_Action item_
Return exactly the span of lines in the following data that opens with the line containing "5月6日,市人力资源社会保障" and closes with the line containing "El radiador BDFHYK ofrece un diseño". Include nothing else.

_Exercise input_
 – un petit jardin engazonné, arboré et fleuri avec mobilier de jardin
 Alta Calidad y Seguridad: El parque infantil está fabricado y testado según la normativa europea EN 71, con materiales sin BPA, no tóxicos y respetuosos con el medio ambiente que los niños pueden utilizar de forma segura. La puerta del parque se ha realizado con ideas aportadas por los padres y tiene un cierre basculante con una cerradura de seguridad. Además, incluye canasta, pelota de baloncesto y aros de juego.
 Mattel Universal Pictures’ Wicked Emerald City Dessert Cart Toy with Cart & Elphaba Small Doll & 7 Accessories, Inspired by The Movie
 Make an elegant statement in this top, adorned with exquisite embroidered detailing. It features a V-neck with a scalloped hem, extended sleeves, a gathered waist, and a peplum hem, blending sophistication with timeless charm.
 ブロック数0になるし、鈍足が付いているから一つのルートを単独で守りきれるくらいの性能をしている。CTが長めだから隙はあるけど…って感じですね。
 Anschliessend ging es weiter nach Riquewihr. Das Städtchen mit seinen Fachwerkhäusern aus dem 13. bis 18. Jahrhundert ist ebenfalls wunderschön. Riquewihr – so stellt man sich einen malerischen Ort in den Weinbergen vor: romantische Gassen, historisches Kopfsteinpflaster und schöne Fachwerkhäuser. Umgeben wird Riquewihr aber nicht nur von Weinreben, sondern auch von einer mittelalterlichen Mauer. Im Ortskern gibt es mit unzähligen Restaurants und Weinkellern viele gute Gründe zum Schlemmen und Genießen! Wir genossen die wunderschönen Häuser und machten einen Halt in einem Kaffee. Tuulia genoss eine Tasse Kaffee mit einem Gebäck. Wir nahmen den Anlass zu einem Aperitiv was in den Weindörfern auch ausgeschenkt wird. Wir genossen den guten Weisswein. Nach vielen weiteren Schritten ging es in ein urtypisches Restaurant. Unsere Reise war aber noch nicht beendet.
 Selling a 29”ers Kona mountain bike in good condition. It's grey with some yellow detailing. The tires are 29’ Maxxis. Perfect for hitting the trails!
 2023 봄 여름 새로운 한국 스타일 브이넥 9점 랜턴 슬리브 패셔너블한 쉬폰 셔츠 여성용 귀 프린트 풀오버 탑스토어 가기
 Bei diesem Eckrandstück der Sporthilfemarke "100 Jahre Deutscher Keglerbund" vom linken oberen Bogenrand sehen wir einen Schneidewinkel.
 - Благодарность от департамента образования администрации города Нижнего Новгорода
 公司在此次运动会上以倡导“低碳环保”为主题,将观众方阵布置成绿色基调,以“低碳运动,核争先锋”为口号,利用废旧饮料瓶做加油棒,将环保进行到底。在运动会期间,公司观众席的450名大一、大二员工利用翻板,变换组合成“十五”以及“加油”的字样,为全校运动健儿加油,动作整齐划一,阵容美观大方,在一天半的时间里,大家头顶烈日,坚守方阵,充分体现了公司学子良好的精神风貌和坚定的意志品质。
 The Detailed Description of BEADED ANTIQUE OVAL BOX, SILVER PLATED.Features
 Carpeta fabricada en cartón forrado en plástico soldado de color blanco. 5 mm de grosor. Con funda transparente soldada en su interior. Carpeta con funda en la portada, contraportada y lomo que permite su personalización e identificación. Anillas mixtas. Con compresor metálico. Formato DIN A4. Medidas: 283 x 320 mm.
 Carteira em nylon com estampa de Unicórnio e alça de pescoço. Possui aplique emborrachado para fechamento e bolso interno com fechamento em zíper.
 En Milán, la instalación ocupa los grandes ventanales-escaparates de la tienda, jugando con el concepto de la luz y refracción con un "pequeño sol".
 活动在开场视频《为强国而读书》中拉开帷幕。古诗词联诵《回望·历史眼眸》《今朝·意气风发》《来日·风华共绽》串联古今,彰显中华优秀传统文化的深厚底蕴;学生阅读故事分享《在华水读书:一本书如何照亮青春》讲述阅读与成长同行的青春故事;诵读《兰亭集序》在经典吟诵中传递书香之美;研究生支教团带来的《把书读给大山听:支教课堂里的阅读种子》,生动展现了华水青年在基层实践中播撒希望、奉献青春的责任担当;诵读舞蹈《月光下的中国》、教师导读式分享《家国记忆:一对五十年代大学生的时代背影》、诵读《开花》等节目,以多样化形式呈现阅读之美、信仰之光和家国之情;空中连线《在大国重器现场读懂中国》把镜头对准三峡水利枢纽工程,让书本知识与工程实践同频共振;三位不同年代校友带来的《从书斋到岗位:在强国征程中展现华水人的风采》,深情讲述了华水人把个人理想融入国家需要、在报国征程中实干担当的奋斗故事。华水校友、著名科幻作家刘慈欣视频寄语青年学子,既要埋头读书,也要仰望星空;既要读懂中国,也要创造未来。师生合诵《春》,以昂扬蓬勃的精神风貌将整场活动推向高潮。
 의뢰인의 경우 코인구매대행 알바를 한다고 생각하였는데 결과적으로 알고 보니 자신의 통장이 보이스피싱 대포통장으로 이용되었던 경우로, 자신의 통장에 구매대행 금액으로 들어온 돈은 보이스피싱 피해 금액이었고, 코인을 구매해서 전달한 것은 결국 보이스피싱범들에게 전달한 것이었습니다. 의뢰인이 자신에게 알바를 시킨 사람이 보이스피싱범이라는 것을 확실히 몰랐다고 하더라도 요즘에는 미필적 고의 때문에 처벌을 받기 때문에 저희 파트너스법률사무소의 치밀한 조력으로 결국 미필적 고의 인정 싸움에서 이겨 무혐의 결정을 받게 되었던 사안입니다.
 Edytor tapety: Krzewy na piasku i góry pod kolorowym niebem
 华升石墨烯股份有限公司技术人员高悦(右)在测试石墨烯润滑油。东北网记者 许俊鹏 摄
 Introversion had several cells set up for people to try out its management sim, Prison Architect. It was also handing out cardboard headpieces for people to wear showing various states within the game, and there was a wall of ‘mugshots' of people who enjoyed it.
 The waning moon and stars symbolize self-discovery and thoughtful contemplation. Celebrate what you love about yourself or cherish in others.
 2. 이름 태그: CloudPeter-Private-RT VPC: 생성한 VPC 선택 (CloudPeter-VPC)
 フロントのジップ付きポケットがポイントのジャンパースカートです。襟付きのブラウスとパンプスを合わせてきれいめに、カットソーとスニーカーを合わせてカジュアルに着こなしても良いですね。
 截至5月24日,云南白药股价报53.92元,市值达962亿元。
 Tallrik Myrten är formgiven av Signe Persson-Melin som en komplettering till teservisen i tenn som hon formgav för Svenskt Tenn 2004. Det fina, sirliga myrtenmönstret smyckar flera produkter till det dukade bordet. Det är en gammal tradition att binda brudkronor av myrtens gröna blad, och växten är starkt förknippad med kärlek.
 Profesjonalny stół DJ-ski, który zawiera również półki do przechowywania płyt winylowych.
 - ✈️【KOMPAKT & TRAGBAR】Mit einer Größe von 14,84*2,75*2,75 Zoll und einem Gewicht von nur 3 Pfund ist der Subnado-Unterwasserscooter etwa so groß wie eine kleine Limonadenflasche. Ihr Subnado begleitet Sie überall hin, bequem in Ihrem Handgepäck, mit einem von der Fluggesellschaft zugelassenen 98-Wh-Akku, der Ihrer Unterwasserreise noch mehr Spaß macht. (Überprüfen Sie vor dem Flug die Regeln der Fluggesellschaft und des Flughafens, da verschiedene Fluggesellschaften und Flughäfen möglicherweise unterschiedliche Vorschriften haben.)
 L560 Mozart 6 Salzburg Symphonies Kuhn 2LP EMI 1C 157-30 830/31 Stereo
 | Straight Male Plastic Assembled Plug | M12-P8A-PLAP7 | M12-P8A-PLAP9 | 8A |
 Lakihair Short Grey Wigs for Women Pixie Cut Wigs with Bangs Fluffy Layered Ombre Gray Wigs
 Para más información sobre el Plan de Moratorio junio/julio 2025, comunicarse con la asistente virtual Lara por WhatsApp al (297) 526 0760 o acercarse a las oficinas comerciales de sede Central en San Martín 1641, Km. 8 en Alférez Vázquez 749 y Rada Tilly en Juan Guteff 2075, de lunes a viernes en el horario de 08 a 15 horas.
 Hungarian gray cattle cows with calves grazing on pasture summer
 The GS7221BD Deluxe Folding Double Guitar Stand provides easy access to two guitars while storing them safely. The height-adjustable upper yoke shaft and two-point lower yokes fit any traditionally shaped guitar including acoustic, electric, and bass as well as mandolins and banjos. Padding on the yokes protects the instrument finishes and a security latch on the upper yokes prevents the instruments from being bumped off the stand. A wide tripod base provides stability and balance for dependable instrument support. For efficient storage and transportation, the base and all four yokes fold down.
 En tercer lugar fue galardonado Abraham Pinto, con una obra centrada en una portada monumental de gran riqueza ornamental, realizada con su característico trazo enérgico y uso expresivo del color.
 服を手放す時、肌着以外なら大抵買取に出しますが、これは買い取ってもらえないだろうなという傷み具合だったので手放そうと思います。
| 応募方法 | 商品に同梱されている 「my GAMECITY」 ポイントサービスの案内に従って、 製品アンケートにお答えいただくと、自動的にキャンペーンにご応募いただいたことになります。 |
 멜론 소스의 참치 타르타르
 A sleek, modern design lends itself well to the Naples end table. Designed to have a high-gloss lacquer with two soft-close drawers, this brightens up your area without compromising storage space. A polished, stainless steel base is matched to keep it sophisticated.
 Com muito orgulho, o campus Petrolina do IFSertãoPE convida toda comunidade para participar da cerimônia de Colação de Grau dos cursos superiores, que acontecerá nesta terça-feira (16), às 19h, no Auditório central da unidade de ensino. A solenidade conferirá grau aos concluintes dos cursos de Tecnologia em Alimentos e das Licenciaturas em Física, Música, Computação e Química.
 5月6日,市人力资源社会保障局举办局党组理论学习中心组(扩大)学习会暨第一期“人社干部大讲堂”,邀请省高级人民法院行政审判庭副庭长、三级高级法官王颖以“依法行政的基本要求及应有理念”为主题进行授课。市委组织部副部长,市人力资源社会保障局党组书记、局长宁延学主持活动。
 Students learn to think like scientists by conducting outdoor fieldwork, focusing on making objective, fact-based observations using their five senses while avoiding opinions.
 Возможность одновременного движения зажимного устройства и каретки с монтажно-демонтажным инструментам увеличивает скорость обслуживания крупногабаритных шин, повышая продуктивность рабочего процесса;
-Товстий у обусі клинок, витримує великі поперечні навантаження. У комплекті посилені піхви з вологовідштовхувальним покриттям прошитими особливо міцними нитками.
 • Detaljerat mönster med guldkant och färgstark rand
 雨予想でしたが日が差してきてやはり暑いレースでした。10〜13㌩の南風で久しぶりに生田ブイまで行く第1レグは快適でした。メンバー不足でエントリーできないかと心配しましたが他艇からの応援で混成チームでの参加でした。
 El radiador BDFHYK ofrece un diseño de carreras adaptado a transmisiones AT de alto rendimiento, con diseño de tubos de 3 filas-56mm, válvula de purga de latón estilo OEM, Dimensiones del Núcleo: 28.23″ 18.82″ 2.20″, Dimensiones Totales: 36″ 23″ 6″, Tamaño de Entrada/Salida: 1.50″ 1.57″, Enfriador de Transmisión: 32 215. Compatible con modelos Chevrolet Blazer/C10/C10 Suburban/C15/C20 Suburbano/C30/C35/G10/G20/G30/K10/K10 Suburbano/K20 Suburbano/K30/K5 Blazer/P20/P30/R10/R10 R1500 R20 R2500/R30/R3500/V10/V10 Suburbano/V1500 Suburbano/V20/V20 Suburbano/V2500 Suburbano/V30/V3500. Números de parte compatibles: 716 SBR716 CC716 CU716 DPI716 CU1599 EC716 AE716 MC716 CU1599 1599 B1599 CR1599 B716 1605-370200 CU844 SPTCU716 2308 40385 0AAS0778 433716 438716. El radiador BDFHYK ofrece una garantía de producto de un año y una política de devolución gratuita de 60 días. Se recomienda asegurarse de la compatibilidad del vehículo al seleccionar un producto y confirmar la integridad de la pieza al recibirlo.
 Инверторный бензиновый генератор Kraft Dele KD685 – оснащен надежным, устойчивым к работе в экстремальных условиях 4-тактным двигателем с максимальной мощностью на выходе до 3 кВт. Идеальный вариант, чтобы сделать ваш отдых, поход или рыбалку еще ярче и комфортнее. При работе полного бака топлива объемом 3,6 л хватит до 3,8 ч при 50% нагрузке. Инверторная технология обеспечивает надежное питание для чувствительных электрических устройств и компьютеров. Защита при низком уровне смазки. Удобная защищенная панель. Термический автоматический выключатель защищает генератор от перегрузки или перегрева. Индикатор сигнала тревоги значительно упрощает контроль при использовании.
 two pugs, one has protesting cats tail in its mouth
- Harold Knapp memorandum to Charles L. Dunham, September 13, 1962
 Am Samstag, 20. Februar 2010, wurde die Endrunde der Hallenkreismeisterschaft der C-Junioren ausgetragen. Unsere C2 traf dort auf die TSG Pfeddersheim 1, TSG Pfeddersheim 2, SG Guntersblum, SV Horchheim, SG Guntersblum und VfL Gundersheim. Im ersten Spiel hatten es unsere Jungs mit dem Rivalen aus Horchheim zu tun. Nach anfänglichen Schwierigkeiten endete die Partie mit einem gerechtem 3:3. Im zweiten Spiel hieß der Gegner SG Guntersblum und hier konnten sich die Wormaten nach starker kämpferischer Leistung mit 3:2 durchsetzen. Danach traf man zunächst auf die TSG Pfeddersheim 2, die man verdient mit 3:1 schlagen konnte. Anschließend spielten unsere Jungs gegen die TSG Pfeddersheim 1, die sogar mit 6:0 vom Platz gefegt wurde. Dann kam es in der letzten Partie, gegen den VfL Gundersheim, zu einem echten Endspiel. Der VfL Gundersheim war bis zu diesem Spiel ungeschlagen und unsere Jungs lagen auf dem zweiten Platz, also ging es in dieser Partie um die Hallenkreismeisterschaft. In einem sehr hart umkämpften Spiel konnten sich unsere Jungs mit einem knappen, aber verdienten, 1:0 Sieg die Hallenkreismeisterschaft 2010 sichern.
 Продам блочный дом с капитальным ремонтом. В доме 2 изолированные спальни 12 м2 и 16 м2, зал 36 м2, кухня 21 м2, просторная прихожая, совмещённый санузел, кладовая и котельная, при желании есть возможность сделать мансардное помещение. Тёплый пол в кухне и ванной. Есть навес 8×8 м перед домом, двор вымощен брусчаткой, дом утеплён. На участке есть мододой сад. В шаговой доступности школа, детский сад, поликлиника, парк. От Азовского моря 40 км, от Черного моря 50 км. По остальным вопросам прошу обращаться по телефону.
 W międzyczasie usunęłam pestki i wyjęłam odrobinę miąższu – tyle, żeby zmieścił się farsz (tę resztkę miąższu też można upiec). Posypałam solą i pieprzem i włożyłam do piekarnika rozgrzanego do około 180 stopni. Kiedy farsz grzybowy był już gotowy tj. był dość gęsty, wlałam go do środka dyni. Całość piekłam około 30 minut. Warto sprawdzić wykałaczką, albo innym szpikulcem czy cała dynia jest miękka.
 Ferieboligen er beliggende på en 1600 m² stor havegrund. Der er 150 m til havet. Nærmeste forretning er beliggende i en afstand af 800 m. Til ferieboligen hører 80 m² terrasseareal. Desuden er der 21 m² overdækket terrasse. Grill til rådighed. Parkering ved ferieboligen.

_Response to the task_
 5月6日,市人力资源社会保障局举办局党组理论学习中心组(扩大)学习会暨第一期“人社干部大讲堂”,邀请省高级人民法院行政审判庭副庭长、三级高级法官王颖以“依法行政的基本要求及应有理念”为主题进行授课。市委组织部副部长,市人力资源社会保障局党组书记、局长宁延学主持活动。
 Students learn to think like scientists by conducting outdoor fieldwork, focusing on making objective, fact-based observations using their five senses while avoiding opinions.
 Возможность одновременного движения зажимного устройства и каретки с монтажно-демонтажным инструментам увеличивает скорость обслуживания крупногабаритных шин, повышая продуктивность рабочего процесса;
-Товстий у обусі клинок, витримує великі поперечні навантаження. У комплекті посилені піхви з вологовідштовхувальним покриттям прошитими особливо міцними нитками.
 • Detaljerat mönster med guldkant och färgstark rand
 雨予想でしたが日が差してきてやはり暑いレースでした。10〜13㌩の南風で久しぶりに生田ブイまで行く第1レグは快適でした。メンバー不足でエントリーできないかと心配しましたが他艇からの応援で混成チームでの参加でした。
 El radiador BDFHYK ofrece un diseño de carreras adaptado a transmisiones AT de alto rendimiento, con diseño de tubos de 3 filas-56mm, válvula de purga de latón estilo OEM, Dimensiones del Núcleo: 28.23″ 18.82″ 2.20″, Dimensiones Totales: 36″ 23″ 6″, Tamaño de Entrada/Salida: 1.50″ 1.57″, Enfriador de Transmisión: 32 215. Compatible con modelos Chevrolet Blazer/C10/C10 Suburban/C15/C20 Suburbano/C30/C35/G10/G20/G30/K10/K10 Suburbano/K20 Suburbano/K30/K5 Blazer/P20/P30/R10/R10 R1500 R20 R2500/R30/R3500/V10/V10 Suburbano/V1500 Suburbano/V20/V20 Suburbano/V2500 Suburbano/V30/V3500. Números de parte compatibles: 716 SBR716 CC716 CU716 DPI716 CU1599 EC716 AE716 MC716 CU1599 1599 B1599 CR1599 B716 1605-370200 CU844 SPTCU716 2308 40385 0AAS0778 433716 438716. El radiador BDFHYK ofrece una garantía de producto de un año y una política de devolución gratuita de 60 días. Se recomienda asegurarse de la compatibilidad del vehículo al seleccionar un producto y confirmar la integridad de la pieza al recibirlo.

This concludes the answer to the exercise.